Folha de S. Paulo


Escassez de reais ameaça comércio na fronteira com a Venezuela

Eduardo Knapp/Folhapress
A caixa de supermercado Iara Siqueira, 21, mostra cesta com 200 mil bolívares (R$ 330) em Pacaraima
A caixa de supermercado Iara Siqueira, 21, mostra cesta com 200 mil bolívares (R$ 330) em Pacaraima

A viagem é longa, com quase 1.400 quilômetros ida e volta, mas foi a solução encontrada pelo geólogo venezuelano Juan Martínez, 28, para pagar as contas de casa.

Ele pega sua caminhonete, deixa Puerto Ordaz a vai a Pacaraima fazer compras de produtos básicos para revender em seu país, especialmente arroz.

Para não correr o risco de ser assaltado –e, também, aproveitar um câmbio melhor– já chega à cidade brasileira com a encomenda paga.

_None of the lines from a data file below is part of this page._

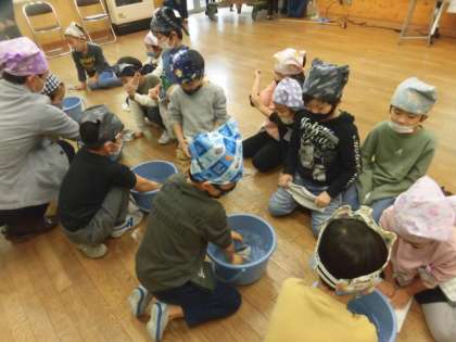ぞうきんやほうき等の掃除道具の使い方を教えていただきました。
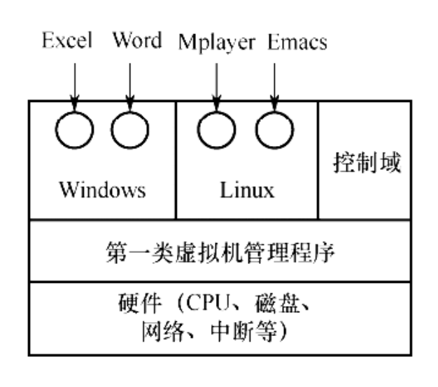 第一类虚拟机管理系统(Type 1 Hypervisor)直接运行在物理硬件上,可以说就是一个操作系统,它向上提供了若干虚拟机,向下则直接管理硬件资源.第一类虚拟机管理系统通常用于服务器环境,如VMware ESXi、Microsoft Hyper-V等.
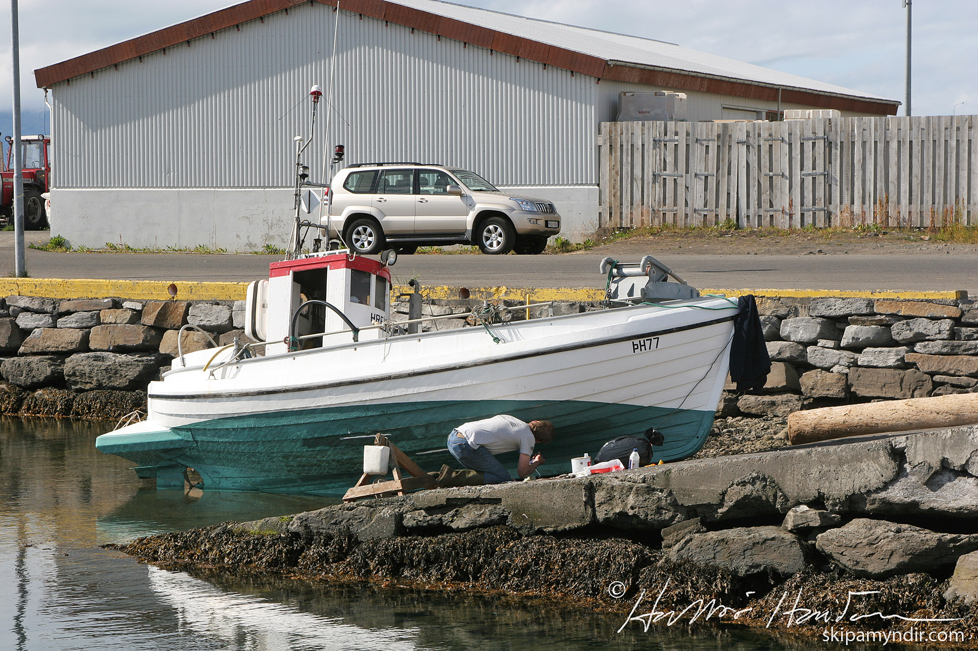 Þarna er eigandi hans Héðinn Helgason eitthvað að bardúsa áður en borinn var botnfarvi á bátinn.

Mas, como outros venezuelanos que abandonaram suas profissões para viver como intermediários na venda de alimentos como arroz, feijão e açúcar, teme ter a carga saqueada ao voltar ao seu país.

"Lá não está sendo possível sobreviver, a Venezuela está falida e a única forma é tentar fazer isso", disse ele.

Por um fardo de 30 quilos de arroz de segunda qualidade, paga cerca de R$ 100 e revende a até R$ 130. A viagem longa compensa, pois a gasolina é barata na Venezuela. O medo de ataques faz muitos deles viajarem em comboio.

Eduardo Knapp/Folhapress
Cambista brasileiro troca bolívares por reais em estrada que liga Santa Elena Uairén com Pacaraima
Cambista brasileiro troca bolívares por reais em estrada que liga Santa Elena Uairén com Pacaraima

"A violência cresceu muito em Pacaraima. Até homicídio já teve depois da chegada em massa dos venezuelanos. Outro dia roubaram oito fardos de dinheiro", diz o lojista brasileiro Hélio Dantas.

Na cidade, farmácia, bares e lojas de roupas incluíram alimentos buscados por venezuelanos nas prateleiras.

Há quem atue na Venezuela e abriu negócio no município, como Rabi Barakat, 38. "A avalanche começou há seis meses. Sumiram das lojas lá, apareceram aqui", disse ele.

O estabelecimento, alugado, deve funcionar enquanto o fluxo de venezuelanos for grande como o atual ou até que fique "impossível" converter bolívares por real.

"Acabou o real na cidade, não tem para trocar e, quando a gente acha, está com a cotação muito alta, não compensa." Como seu público é majoritariamente estrangeiro, todos compram com bolívares, o que o obriga a buscar real com cambistas que também passaram a atuar em massa na cidade fronteiriça.

Se, em 2008, segundo comerciantes da cidade, um real valia cinco bolívares, há dois meses a relação passou a ser de um para 350. "E, agora, está acima de 600, até 650, é irreal", disse Barakat.

Num supermercado da cidade, uma caixa estava abarrotada de notas que só fazem volume: representavam pouco mais de R$ 300. No marco da fronteira entre os dois países, a Folha encontrou cerca de dez pessoas trabalhando com câmbio. Todas informais, atuam em média dez horas por dia para amealhar cerca de R$ 2.000 mensais.